The surf industry is happy to spend ridiculous money paying quite a few primates to play around in the pro tour, but to the best of my knowledge has never spent a dime on hiring a marine engineer to really take on the problem. A few well trained people have worked on the ‘surfcraft problem’, as I’ll call it, but didn’t make money from it or get much recognition. More likely ridicule for not being one of the sheep…or orangutans.

Alas…

doc…

What I could gather from this article and the description of the MPH here is that boards with wide and straight template, flat rocker, hard edges further forward and fins more parallel to the stringer are faster. And shorter boards are more manouvrable. Who would have known???

[quote="$1"]

So, what's the concensus, that Thomson's shapes being a bit different than the norm is more BS than revolutionary? I've been lurking around here for some years but it's hard to get a feel on the pulse of whether his designs are generally admired here or discounted. 

Personally, I am an engineering fan and enjoy principals and thought processes put into application. I am also skeptical of the effectiveness in surfing due to the sheer variety of conditions and the relatively slow speeds of a board in relation to the water it is affecting, but I really enjoy the technology of it nonetheless. I can appreciate that Tomo boards are trying different things, if the end result is nothing more than a wider tail with a funky shape, then so be it, in my opinion, at least someone is trying and I do like that there is at the very least, reasoning as to why the shapes end up as they do. Well, reasoning beyond, well, brand x has a HPSB, so must I.

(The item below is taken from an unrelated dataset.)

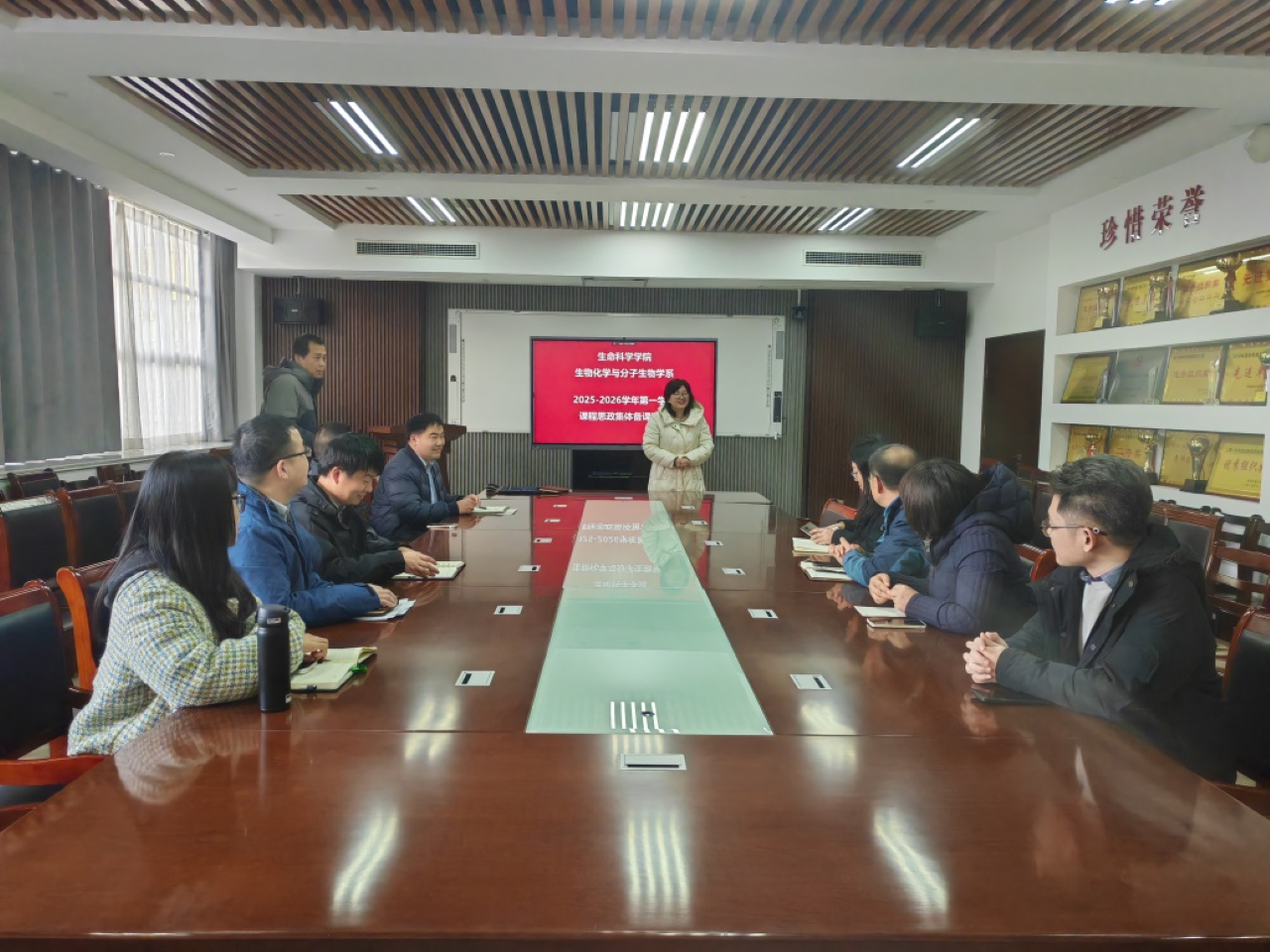 2025年12月10日,生科公司生物化学与分子生物学系在生物楼C305会议室,开展本系2025-2026学年第一学期课程思政集体备课活动。本次会议由生化系主任梁波副教授主持,葛蔚老师作专题汇报,全系骨干教师及团委书记王洋到场观摩。

As far as credit goes, I see influence is being hugely dependent on the perception of those claiming to be influenced. I don't know much about Thomson, but I take it he is on the younger side so it's natural that his influences would not span too much further back than his own childhood. People find influence all over, even it those influences aren't traced back to the absolute source for the given technology or principal in question. 

[/quote]

I can't speak for others, but my opinion follows along the lines you yourself stated:

if the end result is nothing more than a wider tail with a funky shape, then so be it, in my opinion, at least someone is trying and I do like that there is at the very least, reasoning as to why the shapes end up as they do. Well, reasoning beyond, well, brand x has a HPSB, so must I.

I'm not a fan of engineering per se, I am at heart an artist, although I'll acknowledge engineering has its place, and I do think engineering has and will continue to contribute a lot to the advancement of the surfboard.

Nevertheless I tend to be very skeptical of people who claim that they have improved surfing by engineering.  That said, I think the Fat Penguin is the most engineered surfboard out there, and it has been completely rejected by the general surfing populace, although I personally think it looks interesting and viable and I have heard good reports from those who have ridden one, and ridicule only from those who have not.  OK, go ahead and flame me.  =)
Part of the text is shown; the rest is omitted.